Lebanon’s overlooked heritage

by Victoria Lupton

“Agriculture at the National Museum? No, we don’t have anything about that here.” The answer was definitive. I was visiting the museum in search of traces inscribed in stone or clay of the millennia-old relationship between Lebanon’s people and the land. As it turned out, there is not a single farmer represented in Lebanon’s National Museum. Thousands of years harnessing nature and all we have to show for it is an ancient section of cedar tree and a pre-Common Era terracotta figurine of a child carrying a goose.

This very absence of agriculture at the center of the nation’s heritage is an apt signifier of the state of rural enterprise in Lebanon as a whole: overlooked, undervalued, and yet, fundamental to its history and social fabric.

For millennia, people have worked Lebanon’s land in order to provide for themselves and their families. From the monumental staircases that the Phoenicians carved into the slopes of Mount Lebanon, to the Bekaa Valley, once the granary of Rome, local people have engaged in ecologically sustainable integrated farming. Economic and environmental imperatives have been broadly aligned, as farmers have harnessed Lebanon’s natural resources — difficult but prodigiously generous terrains of steep slopes and red earth — in the knowledge that safeguarding the land’s fertility for future generations is necessary to economic success.

A century and a half of displacement and rural depopulation, changing trade relations, and economic instability have broken down this compact. Agriculture now needs to be environmentally unsustainable in order to be economically sustainable. The source of Lebanon’s sustenance and ubiquitous symbol of belonging to the land — the village — has been hollowed out, leaving communities struggling to support their families, let alone a disastrously deteriorating natural world.

Since 1997, SEAL (Social & Economic Action for Lebanon) has revitalized these communities with small and strategic investments in ambitious and sustainable nature-based social enterprises. For 20 years, the Lebanese diaspora in the US has stood at the forefront of this mission; now it is time for those in Lebanon who have the means to join in.

The challenge

Hundreds of generations of Lebanese farmers have sustained flourishing rural economies by combining ancient techniques with the Lebanese flair for innovation. From fishing along the coast and banana groves lining the southern seafront to olives and citrus fruits in coastal areas, pear and apple orchards rising up steep mountainsides, and mixed cultivation in the Bekaa Valley and vineyards further east, a strikingly diverse mosaic of food production ecosystems are packed into 10,452 square kilometers of land.

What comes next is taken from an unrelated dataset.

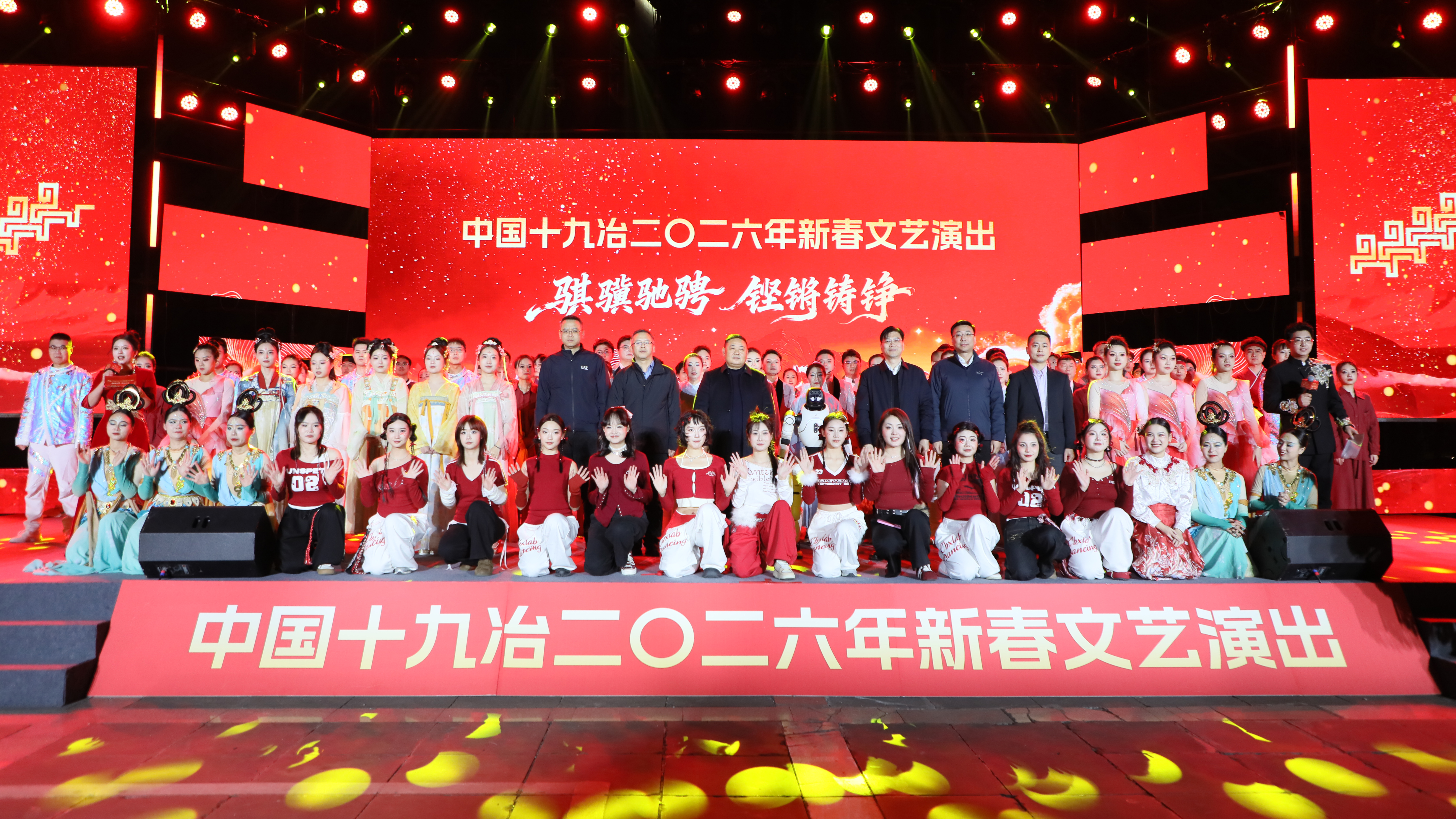 員工自導自演的迎春文藝匯演作為系列活動的重頭戲,節目精彩紛呈、高潮迭起。演出節目開始前,公司黨委書記、董事長歐成華代表黨政工團,向全體干部職工、離退休老同志及家屬,以及關心支持公司發展的各級領導、社會各界友人表達了誠摯感謝和新春祝福。在新春賀詞中,歐成華回望了公司六十載崢嶸歲月與“十四五”發展的亮眼成績,站在新甲子的歷史高點,號召全體十九冶人錨定既定目標,激揚龍馬精神,以“戰馬”本色扛改革重任,以“駿馬”風姿譜時代華章,共赴基業長青的繁花征途。鏗鏘的話語、殷切的期盼,讓廣大干部職工備受鼓舞。

It took only a few decades of state underinvestment in rural development, rising land prices, and asymmetric trade terms to create the dire economic conditions faced by rural people today. Lebanon’s adoption of a market-based, services-oriented liberal economy came at a price: the demise of small and medium-sized enterprise farms that are unable to compete with food imports subsidized in their country of origin. These farmers form the vast majority of the agricultural production sector in Lebanon, and instead of being supported by the Lebanese government, agriculture comprises only 0.4 percent of national spending.

To put this 0.4 percent into context: agriculture contributes 4.5 percent of GDP. Agriculture and food production are the primary source of income for 11 percent of the Lebanese.

This has allowed environmental concerns to become unmoored from the economic. Lacking clean water for irrigation due to the absence of proper sewage networks, farmers are pushed to dig illegal wells. Lacking training and market access support, farmers flood their crops with unsuitable pesticides, leading to the proliferation of resistant strains of diseases and affecting the ability of Lebanese farmers to access international markets. And out of desperation linked to dwindling fish stocks, fishermen resort to using dynamite and illegal nets, despite the clear long-term unsustainability of this practice, which has already devastated coastal marine life .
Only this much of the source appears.